No, I’m not even close to dying yet. But preparations need to be made anyway. I have been putting off something as simple as a Living Will. Because if I actually do it, then I’m acknowledging my own mortality. My partner and I have talked about preparing, but neither of us has done anything about it. There are so many things to think about besides the Living Will. There is all the minutiae such as web sites and passwords. I am all over social media; he isn’t and doesn’t have a clue about Facebook and Twitter and Klout and all those other sites I’m part of. There are family and friends to notify. Dogs to take care of. The mortgage on the house. The car. Memberships in things like Amazon and Goodreads. So much to do.

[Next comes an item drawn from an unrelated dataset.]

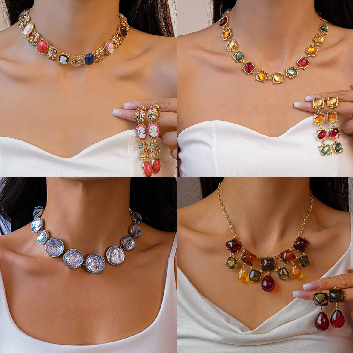 European and American Medieval Style Colorfulful Resin Diamond Earrings Necklace Accessible Luxury High-End Clavicle Chain Fashion Jewelry Set for Women

Life can be gone in a heartbeat. It could be a car crash; a flash of lightning; a sudden heart attack; a ruptured aneurysm. Life is fraught with danger. But if I don’t prepare, then I won’t be ready, and I won’t die. Magical thinking I know. But I have no other reason for putting off what I know needs to be done. And there is so much to think about like cleaning out files so the survivor doesn’t have to do it. Deciding who gets what possessions. Going through the picture album and writing down who is in the pictures so that future generations don’t have to guess. So much to do.
I need to go make a list…
I have had a troubling cough for a few weeks now. It could be related to chemo; it could be allergies; it could be that the one tumor’s growth is constricting airways. I’ve been able to tolerate it okay until the last couple of days when it woke me in the middle of the night coughing so hard I almost threw up. I got out my homeopathic cough medicine that has helped tremendously, but I have to take that every 2 hours, which makes it hard to get a good night’s sleep. I have some cough medicine with codeine that I don’t want to take unless absolutely necessary; it makes me dopey and constipated and that I don’t need right now. I finally took some just after lunch and slept away the afternoon. But I didn’t cough.
The fatigue I’m feeling now could be residual from the cough medicine, or it could be the side effects kicking in already from Tuesday’s chemo. I’m also feeling depressed and listless. I sometimes wonder whether all this chemo is really helping or hurting. When I have these dark nights of despair, I have trouble remembering the last time I actually felt good. My team is wonderful at coming up with solutions, but there’s only so much they can do. I do try to stay positive, but there are times when I wonder if all we are doing is worth it in the long run. And seeing others succumb to this disease makes me feel worse. Another warrior just entered hospice because treatments are no longer useful.
And again there’s the twinges and aches and pains that could be from the chemo, or new metastases, or the current tumors growing. It can be so trying. I know these feelings will pass once the fatigue eases. And in the meantime I have to just be patient. But it’s hard.
I told my PA about the face tenderness; of course she’d never heard of anyone having that side effect before. First she said maybe I should take the Dexamethasone for a few days, but then we decided to wait and see if it happened this time since I wouldn’t be getting the Avastin on this round – I’ll only get that every 2 weeks. And it was disconcerting to see my CEA had jumped up more than 20 points from the last one. I don’t know what’s going on, and I’m scared that things are progressing more than they should. I can only wait to see what happens after two cycles of this treatment when we do another CT scan. I’m finding it more and more difficult to be patient.
Steve keeps telling me to just be patient and things will work out, and I tell him he’s not the one going through this. He and I both know he wouldn’t be tolerating this anywhere near as well as I am. I know he wants me to feel better and to beat this, but I get so tired of fighting and wondering who is going to win, me or the cancer. It’s exhausting. I so want to feel better and to beat this, too. I need rest and a good night’s sleep.